» **Task instructions**
Lines before the one containing "В комнате воцарилась" are left out; that line and every line after it, through the end of the records, are to be reproduced exactly.

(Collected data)
━━━━━━━━━━━━━━━━━━━━
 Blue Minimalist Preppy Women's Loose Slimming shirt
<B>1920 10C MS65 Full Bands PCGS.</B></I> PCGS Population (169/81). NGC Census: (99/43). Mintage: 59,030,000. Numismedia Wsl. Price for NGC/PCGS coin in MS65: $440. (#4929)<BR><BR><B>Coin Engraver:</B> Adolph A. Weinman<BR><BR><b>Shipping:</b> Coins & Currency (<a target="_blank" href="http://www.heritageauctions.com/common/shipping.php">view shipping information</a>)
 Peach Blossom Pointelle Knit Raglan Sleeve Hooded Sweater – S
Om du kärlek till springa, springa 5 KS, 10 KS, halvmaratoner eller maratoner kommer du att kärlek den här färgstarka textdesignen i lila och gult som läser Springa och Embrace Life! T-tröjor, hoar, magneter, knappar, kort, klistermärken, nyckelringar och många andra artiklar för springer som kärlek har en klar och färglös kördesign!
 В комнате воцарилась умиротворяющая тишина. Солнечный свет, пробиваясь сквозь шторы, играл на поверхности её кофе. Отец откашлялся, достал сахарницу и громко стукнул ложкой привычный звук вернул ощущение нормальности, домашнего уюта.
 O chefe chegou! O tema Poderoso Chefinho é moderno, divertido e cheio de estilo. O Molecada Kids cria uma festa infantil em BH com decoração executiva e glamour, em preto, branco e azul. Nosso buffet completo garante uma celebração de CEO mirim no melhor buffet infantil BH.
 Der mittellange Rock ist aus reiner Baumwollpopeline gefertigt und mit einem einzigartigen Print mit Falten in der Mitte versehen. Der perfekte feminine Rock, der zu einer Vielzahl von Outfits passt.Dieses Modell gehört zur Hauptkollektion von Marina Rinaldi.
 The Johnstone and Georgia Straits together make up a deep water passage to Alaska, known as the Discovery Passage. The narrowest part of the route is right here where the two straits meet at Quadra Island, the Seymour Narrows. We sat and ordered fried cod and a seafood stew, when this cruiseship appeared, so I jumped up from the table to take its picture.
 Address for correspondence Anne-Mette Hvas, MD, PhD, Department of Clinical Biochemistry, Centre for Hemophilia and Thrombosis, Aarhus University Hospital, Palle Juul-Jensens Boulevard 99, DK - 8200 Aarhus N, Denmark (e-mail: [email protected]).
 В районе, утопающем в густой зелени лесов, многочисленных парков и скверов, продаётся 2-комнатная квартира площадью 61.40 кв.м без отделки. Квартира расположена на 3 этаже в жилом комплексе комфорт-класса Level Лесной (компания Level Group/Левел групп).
━━━━━━━━━━━━━━━━━━━━
» **Task output**
 В комнате воцарилась умиротворяющая тишина. Солнечный свет, пробиваясь сквозь шторы, играл на поверхности её кофе. Отец откашлялся, достал сахарницу и громко стукнул ложкой привычный звук вернул ощущение нормальности, домашнего уюта.
 O chefe chegou! O tema Poderoso Chefinho é moderno, divertido e cheio de estilo. O Molecada Kids cria uma festa infantil em BH com decoração executiva e glamour, em preto, branco e azul. Nosso buffet completo garante uma celebração de CEO mirim no melhor buffet infantil BH.
 Der mittellange Rock ist aus reiner Baumwollpopeline gefertigt und mit einem einzigartigen Print mit Falten in der Mitte versehen. Der perfekte feminine Rock, der zu einer Vielzahl von Outfits passt.Dieses Modell gehört zur Hauptkollektion von Marina Rinaldi.
 The Johnstone and Georgia Straits together make up a deep water passage to Alaska, known as the Discovery Passage. The narrowest part of the route is right here where the two straits meet at Quadra Island, the Seymour Narrows. We sat and ordered fried cod and a seafood stew, when this cruiseship appeared, so I jumped up from the table to take its picture.
 Address for correspondence Anne-Mette Hvas, MD, PhD, Department of Clinical Biochemistry, Centre for Hemophilia and Thrombosis, Aarhus University Hospital, Palle Juul-Jensens Boulevard 99, DK - 8200 Aarhus N, Denmark (e-mail: [email protected]).
 В районе, утопающем в густой зелени лесов, многочисленных парков и скверов, продаётся 2-комнатная квартира площадью 61.40 кв.м без отделки. Квартира расположена на 3 этаже в жилом комплексе комфорт-класса Level Лесной (компания Level Group/Левел групп).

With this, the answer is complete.